### Assignment
Copy out the data in full and exactly, passing over the pictures.

### Recorded information
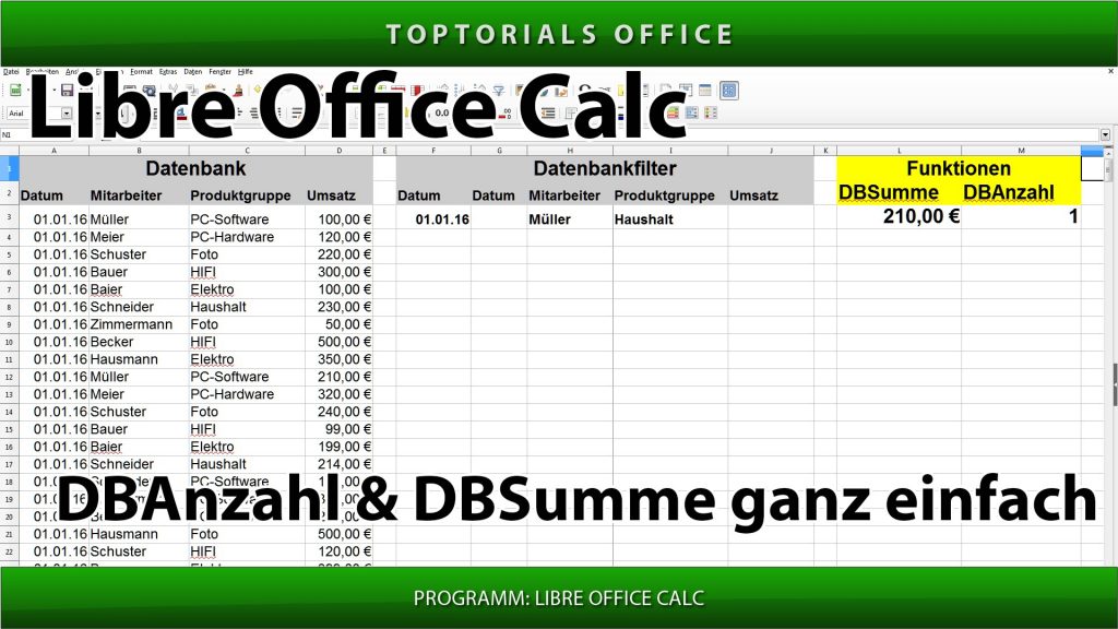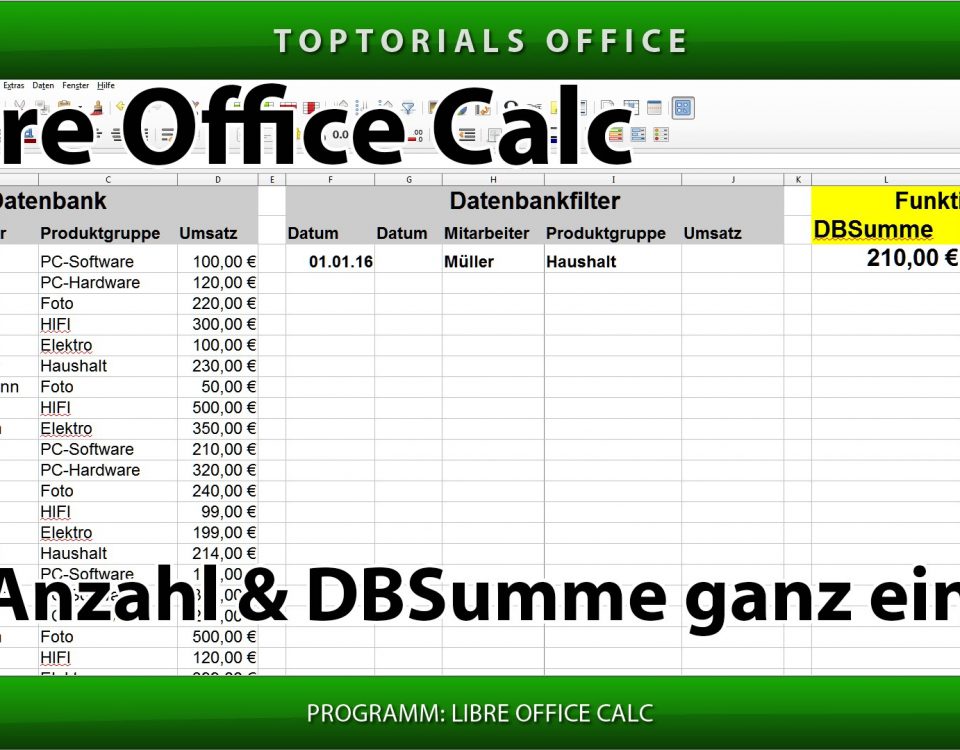 DBSumme DBAnzahl ganz einfach (LibreOffice Calc) In diesem Tutorial zeige ich Euch die beiden Funktionen DBSumme und DBAnzahl und wie man diese anwenden kann. Es gibt natürlich noch weitere DB Funktionen. […]
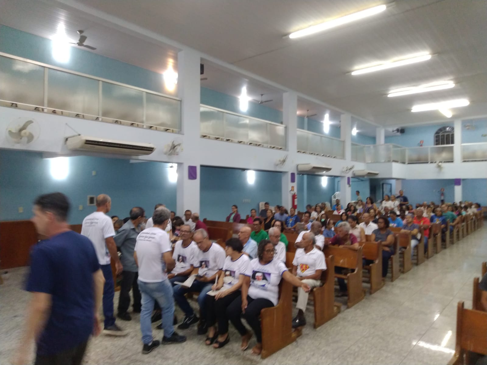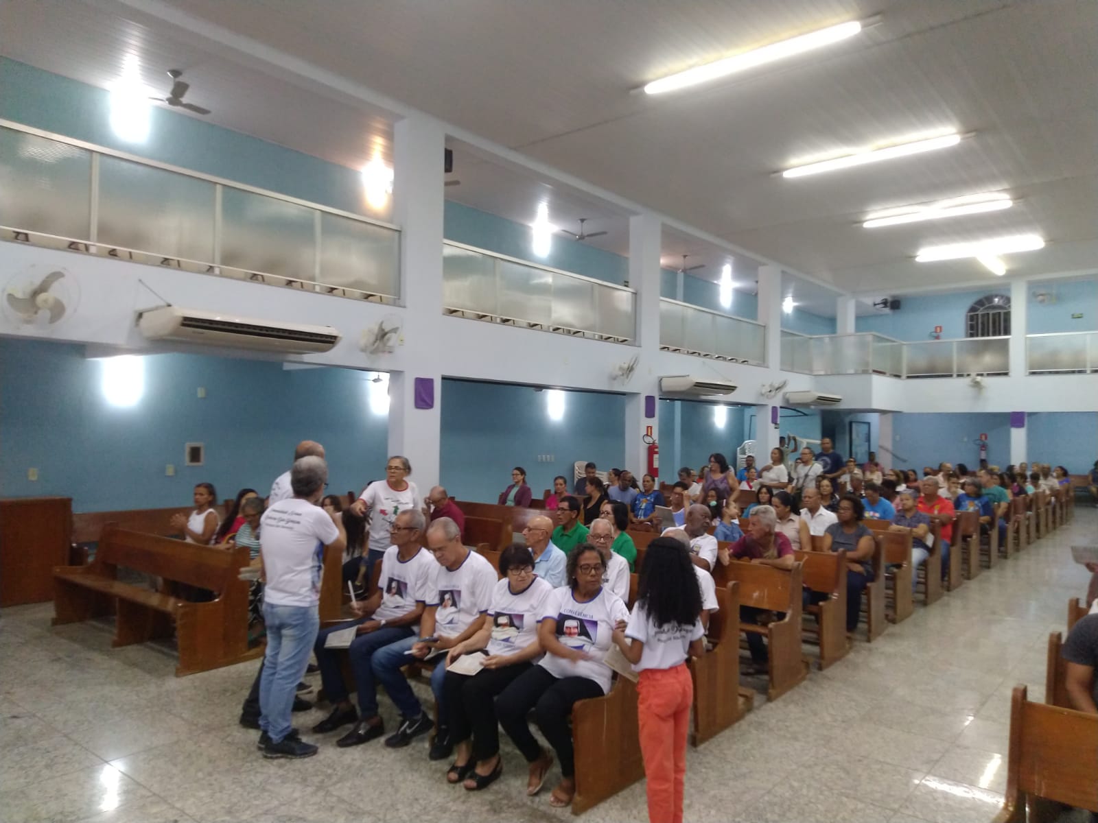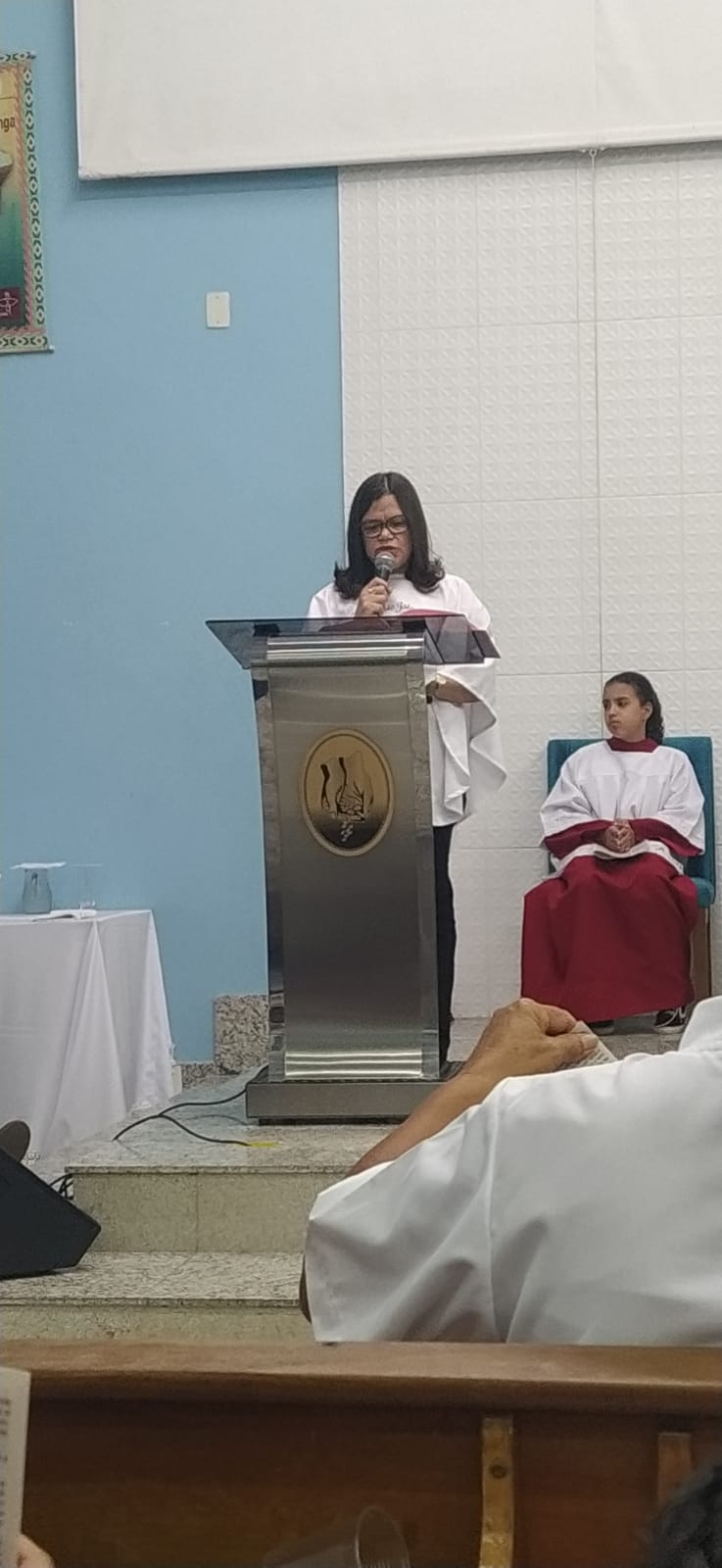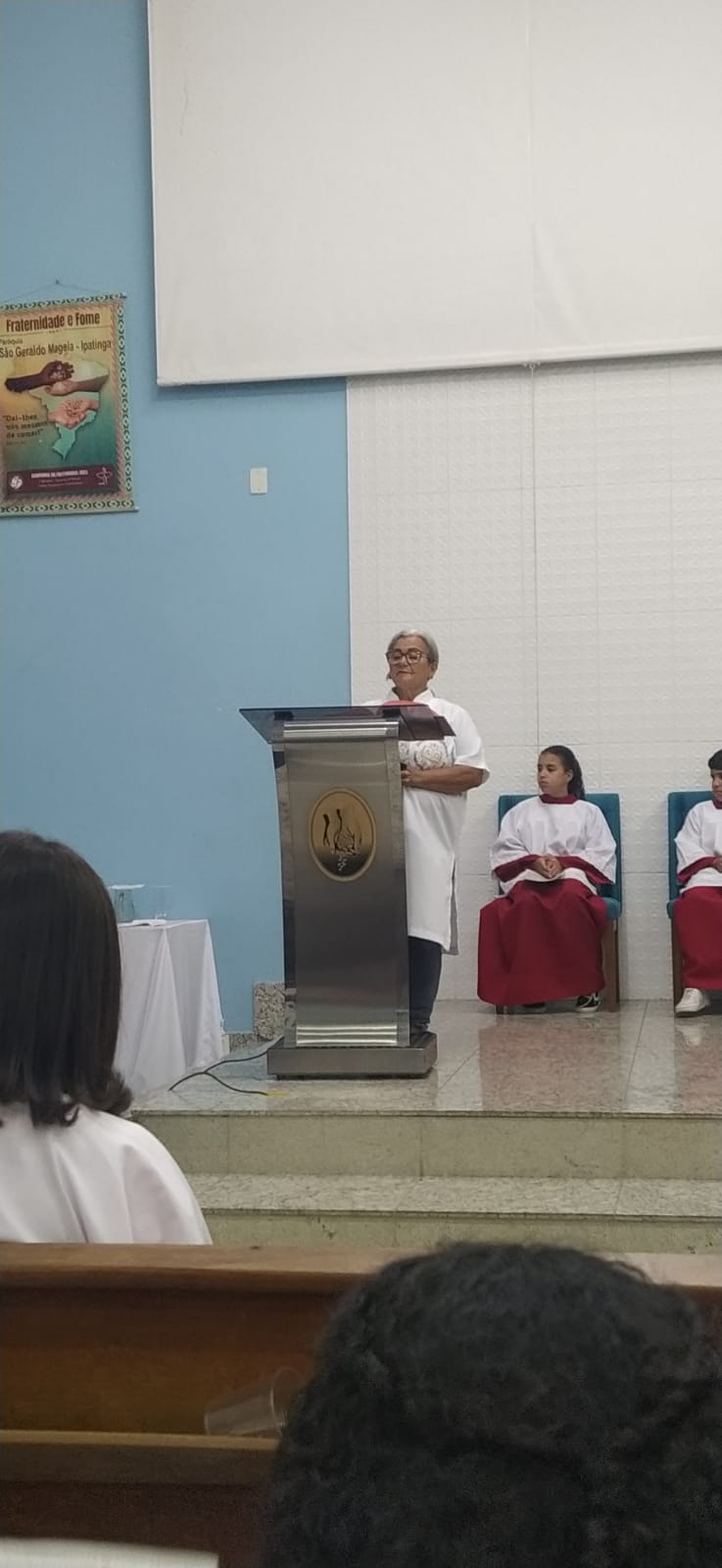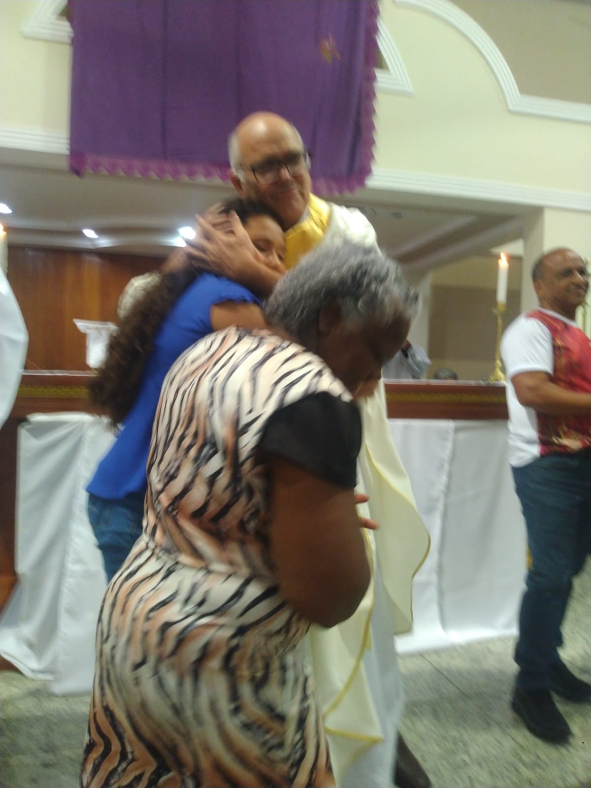 O Padre Geraldo Morini e o Diácono Henrique começaram a missa sem suas vestes, que logo lhes foram ofertadas por fiéis.
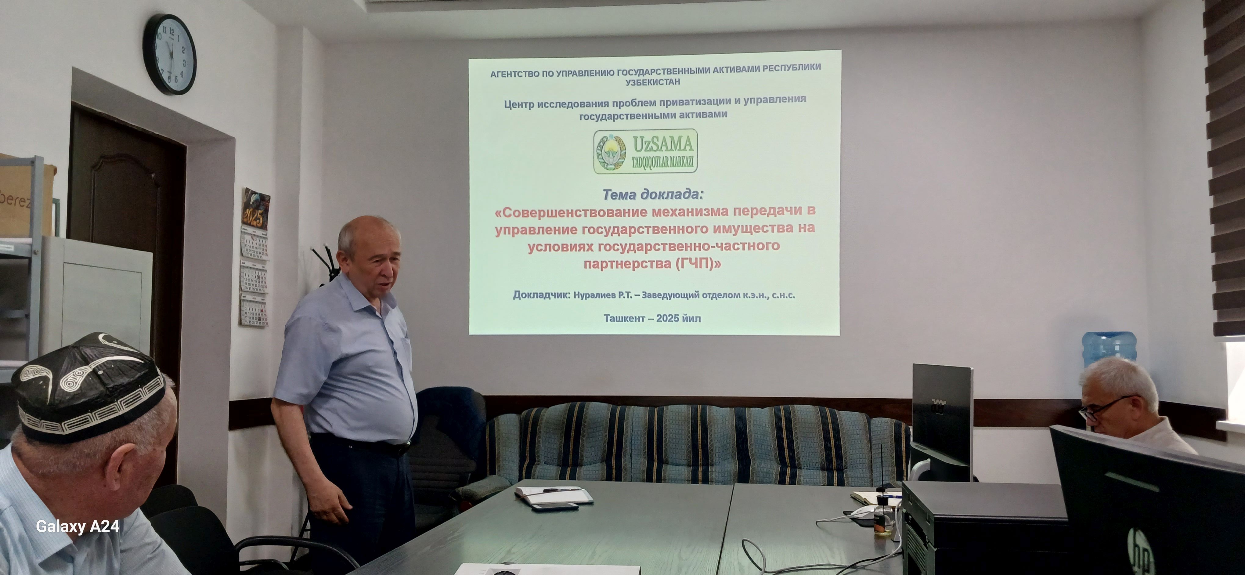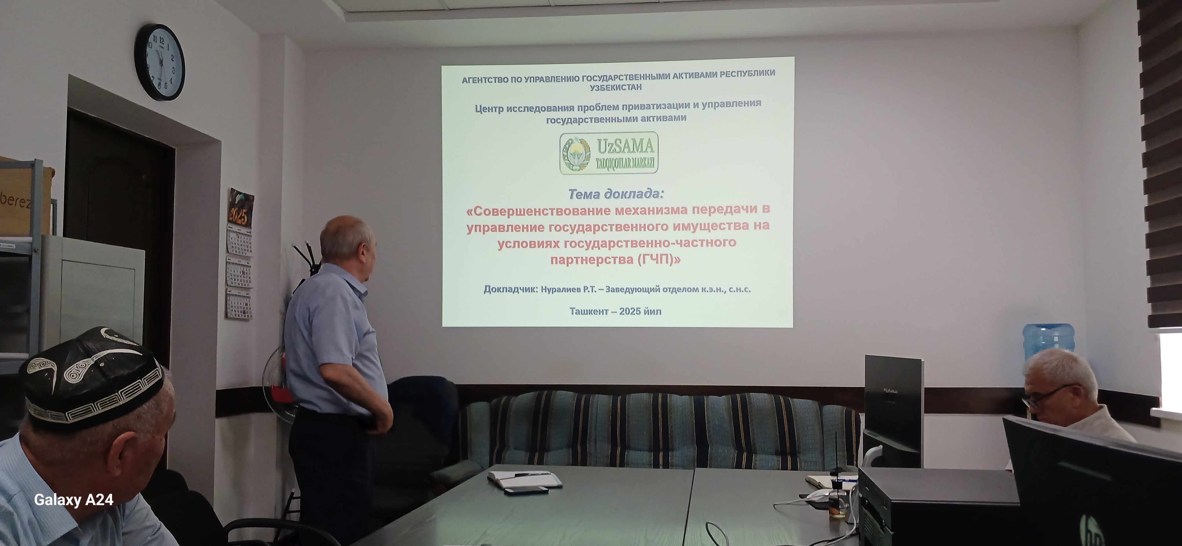 30 мая 2025 года Центром был организован и проведен очередной научный семинар в рамках Научной лаборатории анализа и моделирования развития имущественных и рыночных отношений, на котором выступили с докладом заведующий отделом А.Валижонов на тему «Анализ состояния приватизации жилья хокимиятами районов (городов) и предложения по совершенствованию процесса приватизации государственного жилищного фонда» по результатам исследования на II квартал 2025 года, и заведующий отделом Р.Нуралиев на тему «Совершенствование механизма передачи в управление государственного имущества на условиях государственно-частного партнерства (ГЧП)» по результатам исследования на II квартал 2025 года.
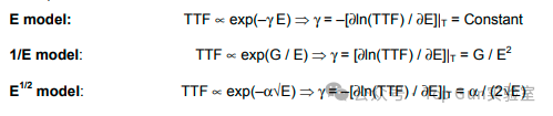 注:其中E是電介質(zhì)中的電場,T是確定γ時的固定溫度,TTF被視為TDDB測試的特征失效時間。G和α分別是1/E和√E模型中的場加速參數(shù)。
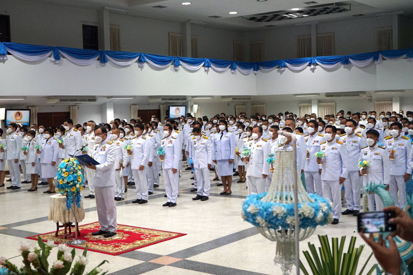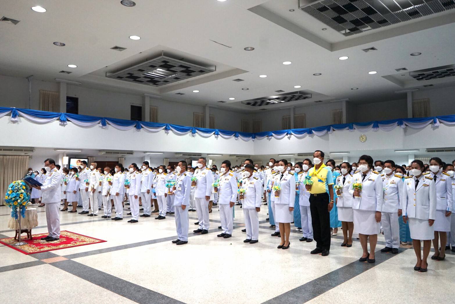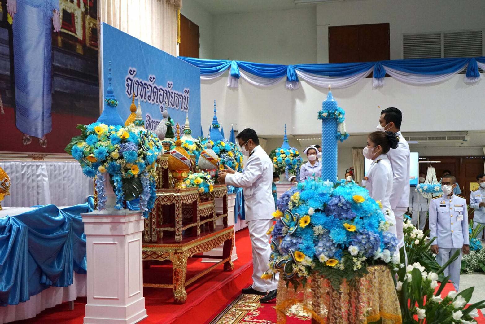 และในช่วงค่ำ ได้ร่วมพิธีถวายเครื่องราชสักการะและวางพานพุ่ม และพิธีจุดเทียนถวายพระพรชัยมงคล ณ ห้องประชุมอาคารชั้น 2
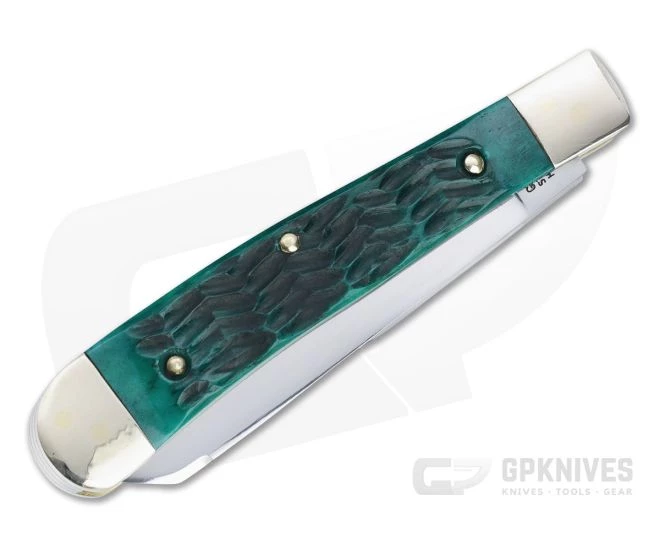 In production for over a century, the Trapper was named for the consumer it was designed for. Relatively lightweight with dual, full size blades, this knife is ideal for those who trap small game or simply prefer a robust a jack knife. This version comes with green pick (jigged) bone covers and German stainless steel blades.
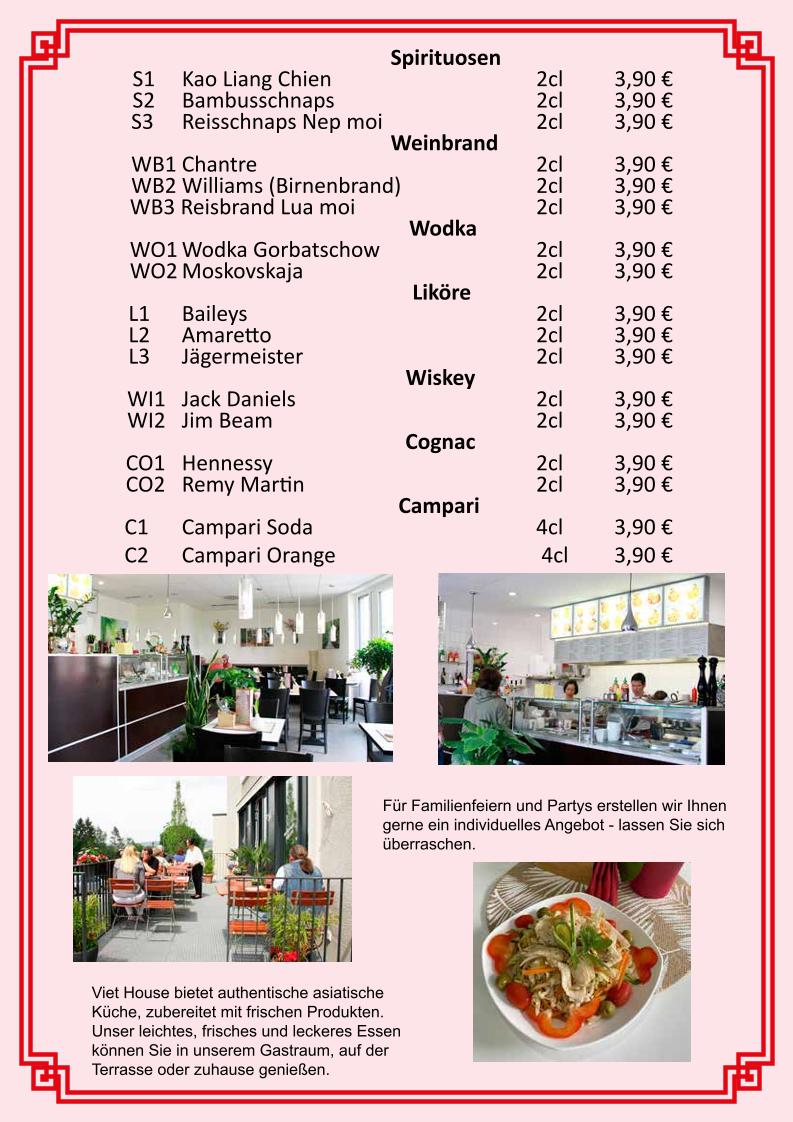 Customer experiences speak volumes about the charm of VIET HOUSE. With a wide range of offerings, including crispy Frühlingsrollen (spring rolls), delectable Shanghai Ente (Shanghai duck), and the generous Bambo Teller, diners are treated to a symphony of flavors that evoke the essence of Vietnamese cuisine. One customer, tommy67pa, stated, "Das Essen warm und geschmacklich top," highlighting not just the quality but the care with which each meal is prepared.
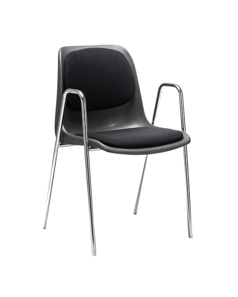 Sedia imbottita con struttura metallica cromata, scocca di polipropilene colorato con imbottitura su seduta e schienale, impilabile ed agganciabile.
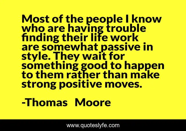 This page presents the quote "Most of the people I know who are having trouble finding their life work are somewhat passive in style. They wait for something good to happen to them rather than make strong positive moves.". Author of this quote is Thomas Moore. .
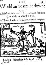 Also popular subjects were ridiculing the fads and fashions of the day, as in this pamphlet about ridiculous fashions, The World Turned Upside Down.In order to get material, the seventeenth century writer

### Solution
 DBSumme DBAnzahl ganz einfach (LibreOffice Calc) In diesem Tutorial zeige ich Euch die beiden Funktionen DBSumme und DBAnzahl und wie man diese anwenden kann. Es gibt natürlich noch weitere DB Funktionen. […]
 O Padre Geraldo Morini e o Diácono Henrique começaram a missa sem suas vestes, que logo lhes foram ofertadas por fiéis.
 30 мая 2025 года Центром был организован и проведен очередной научный семинар в рамках Научной лаборатории анализа и моделирования развития имущественных и рыночных отношений, на котором выступили с докладом заведующий отделом А.Валижонов на тему «Анализ состояния приватизации жилья хокимиятами районов (городов) и предложения по совершенствованию процесса приватизации государственного жилищного фонда» по результатам исследования на II квартал 2025 года, и заведующий отделом Р.Нуралиев на тему «Совершенствование механизма передачи в управление государственного имущества на условиях государственно-частного партнерства (ГЧП)» по результатам исследования на II квартал 2025 года.
 注:其中E是電介質(zhì)中的電場,T是確定γ時的固定溫度,TTF被視為TDDB測試的特征失效時間。G和α分別是1/E和√E模型中的場加速參數(shù)。
 และในช่วงค่ำ ได้ร่วมพิธีถวายเครื่องราชสักการะและวางพานพุ่ม และพิธีจุดเทียนถวายพระพรชัยมงคล ณ ห้องประชุมอาคารชั้น 2
 In production for over a century, the Trapper was named for the consumer it was designed for. Relatively lightweight with dual, full size blades, this knife is ideal for those who trap small game or simply prefer a robust a jack knife. This version comes with green pick (jigged) bone covers and German stainless steel blades.
 Customer experiences speak volumes about the charm of VIET HOUSE. With a wide range of offerings, including crispy Frühlingsrollen (spring rolls), delectable Shanghai Ente (Shanghai duck), and the generous Bambo Teller, diners are treated to a symphony of flavors that evoke the essence of Vietnamese cuisine. One customer, tommy67pa, stated, "Das Essen warm und geschmacklich top," highlighting not just the quality but the care with which each meal is prepared.
 Sedia imbottita con struttura metallica cromata, scocca di polipropilene colorato con imbottitura su seduta e schienale, impilabile ed agganciabile.
 This page presents the quote "Most of the people I know who are having trouble finding their life work are somewhat passive in style. They wait for something good to happen to them rather than make strong positive moves.". Author of this quote is Thomas Moore. .
 Also popular subjects were ridiculing the fads and fashions of the day, as in this pamphlet about ridiculous fashions, The World Turned Upside Down.In order to get material, the seventeenth century writer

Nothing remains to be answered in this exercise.